If we take a close look at the answers that healers gave me when I asked them whythey do not charge for their services, we find a pattern of statements related to powers that are beyond the healer’s personal control, particularly with reference to their forefathers, such as: ‘My grandfather did not charge and my father too did not charge’, ‘That is not how the medicine started’, and ‘I didn’t [just] pick up the medicine on the way’.[note 1] The forefathers are the – continuing – source from which medicines derive their power. An individual’s use of medicines implies a moral relationship with the ancestors. This explains the humility that healers show when they talk about their medicines, saying ‘it is my (grand)father’s medicine’ instead of ‘it is my medicine’. And this denial of personal ownership is explicitly manifested during healing rituals. One day I observed Abdul Kaliq, a healer, calling to his forefathers and offering a fowl to appease and persuade them to let their medicine work.[note 2] Holding a living chicken in both hands, with closed eyes, and before his words became completely incomprehensible, speaking a secret language, I heard him say: ‘My children are here for you to help them, and they are asking you to help them, it is not me who is going to help them, it is you to give them whatever they want. If you are to accept [to help them] you will take this chicken.

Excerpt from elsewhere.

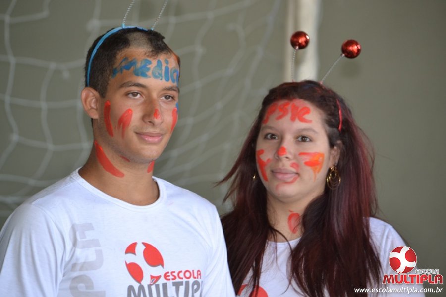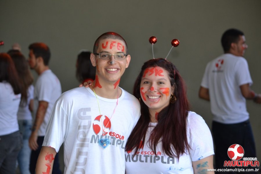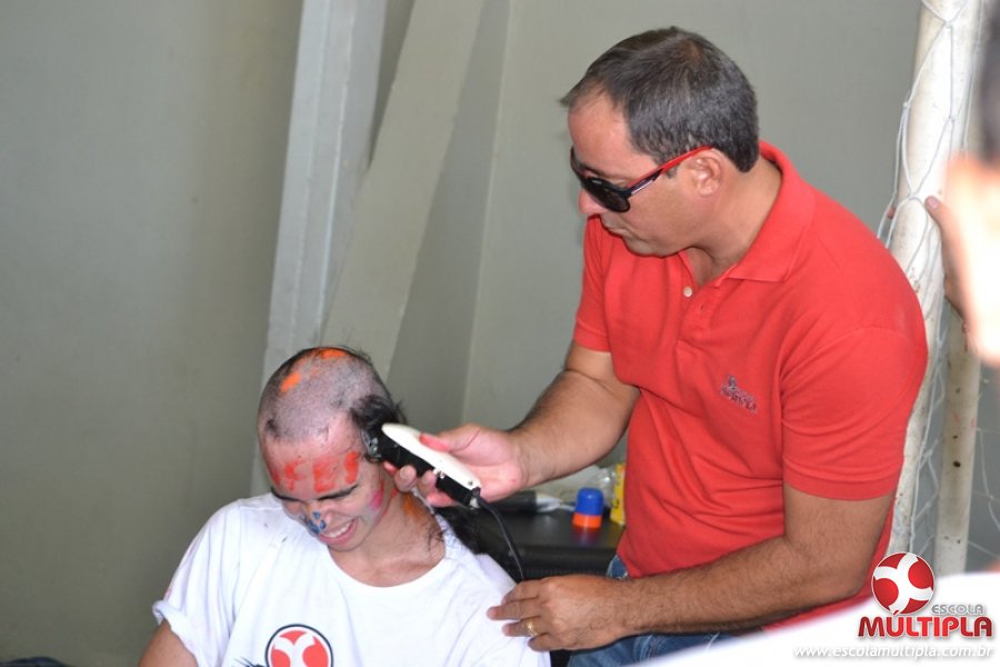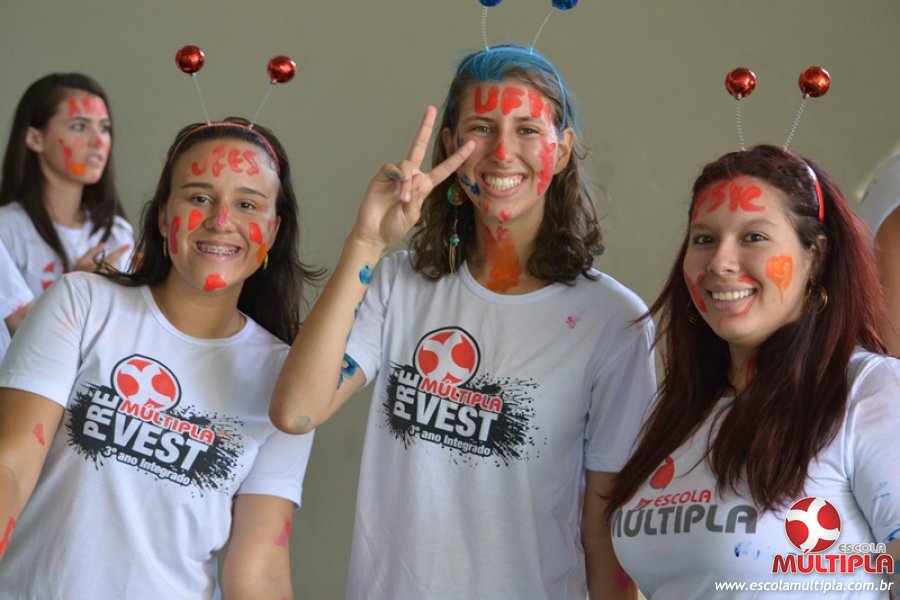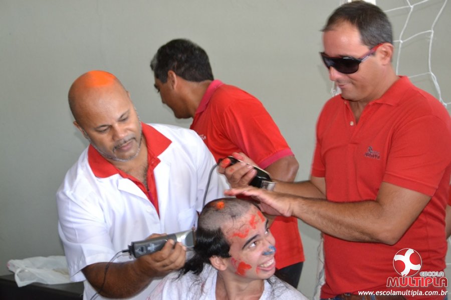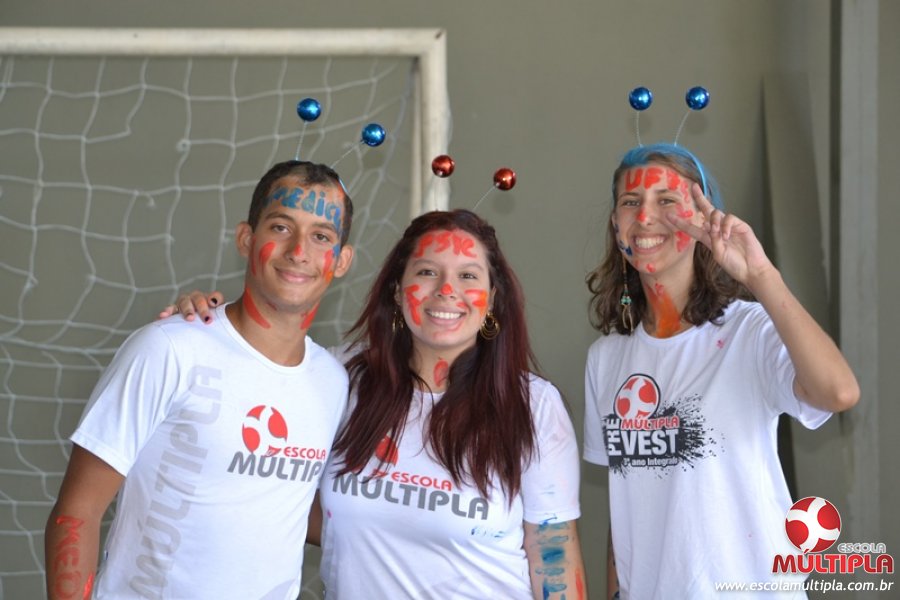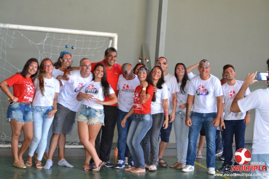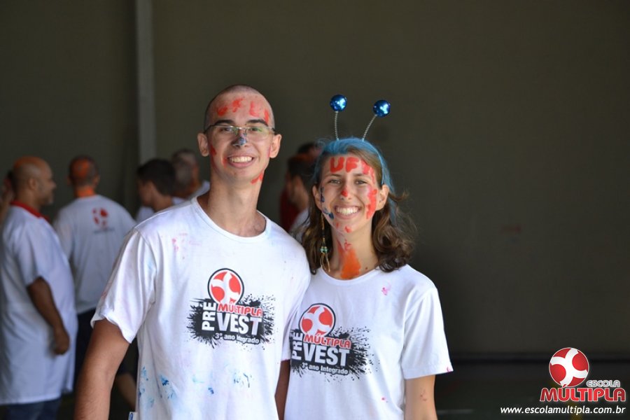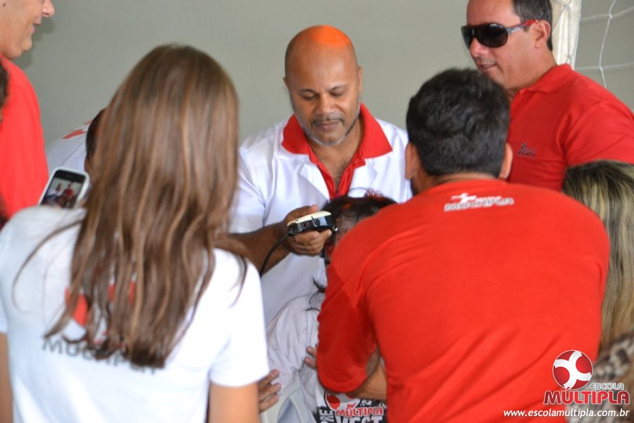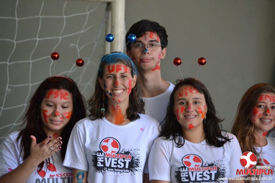 Para abrilhantar ainda mais o primeiro dia de aula, convidamos os alunos aprovados no Vest/2015 para falarem da experiência de conquistar o ingresso no Ensino Superior. Os coordenadores e professores aproveitaram para pregarem um “trote”, momento que rasparam o cabelo de alguns alunos e pintarem o rosto com tinta.

Come and collect [the chicken], come and collect, come and collect’. Seconds later, he laid down the chicken, now dead; to show me that his ancestors had come and consumed its blood, he cut the chicken’s throat with a knife, and, indeed, there was no blood left. His grandfathers had accepted to give us whatever we would ask for. When we came back the following week to collect the medicine, the healer again emphasized its true origin: ‘It is God who has given you this medicine, not me. It is my grandfather who has given you this medicine, not me. It is my father who has given you this medicine, not me’. The use of ‘God’ here seems to refer to a superior power who was there even before the first grandfather: the ultimate unknown owner of the medicine.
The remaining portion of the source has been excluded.